** EXERCISE INPUTS **
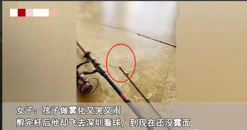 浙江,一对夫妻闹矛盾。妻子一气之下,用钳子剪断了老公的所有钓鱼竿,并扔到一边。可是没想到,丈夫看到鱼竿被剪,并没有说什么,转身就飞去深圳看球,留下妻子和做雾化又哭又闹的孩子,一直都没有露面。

==

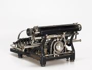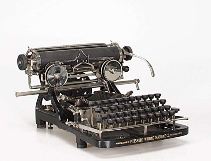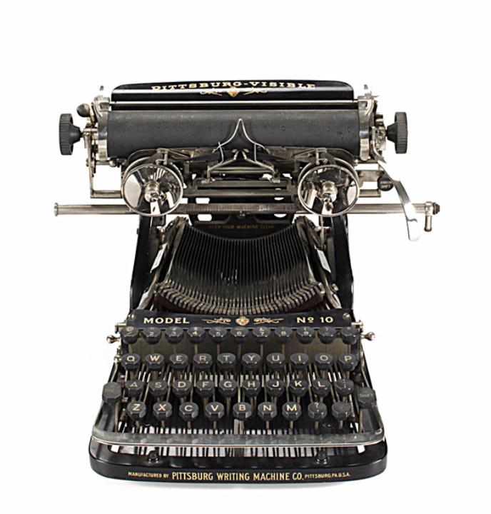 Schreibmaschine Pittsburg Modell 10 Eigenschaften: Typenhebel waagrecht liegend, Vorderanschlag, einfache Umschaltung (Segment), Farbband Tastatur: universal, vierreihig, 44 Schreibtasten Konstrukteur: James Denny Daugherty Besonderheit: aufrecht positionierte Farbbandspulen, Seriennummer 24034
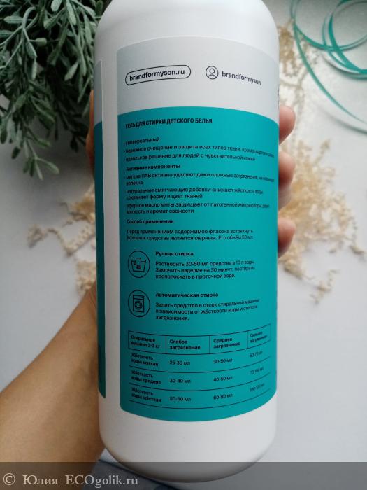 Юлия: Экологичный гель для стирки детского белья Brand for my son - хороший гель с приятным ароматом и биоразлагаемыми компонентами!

** INSTRUCTIONS FOR THE TASK **
Transcribe only the lines above that start at the line containing "Schreibmaschine Pittsburg Modell" and end at the line containing "Юлия: Экологичный гель". Omit pictures.

** RESULT FOR THIS EXERCISE **
 Schreibmaschine Pittsburg Modell 10 Eigenschaften: Typenhebel waagrecht liegend, Vorderanschlag, einfache Umschaltung (Segment), Farbband Tastatur: universal, vierreihig, 44 Schreibtasten Konstrukteur: James Denny Daugherty Besonderheit: aufrecht positionierte Farbbandspulen, Seriennummer 24034
 Юлия: Экологичный гель для стирки детского белья Brand for my son - хороший гель с приятным ароматом и биоразлагаемыми компонентами!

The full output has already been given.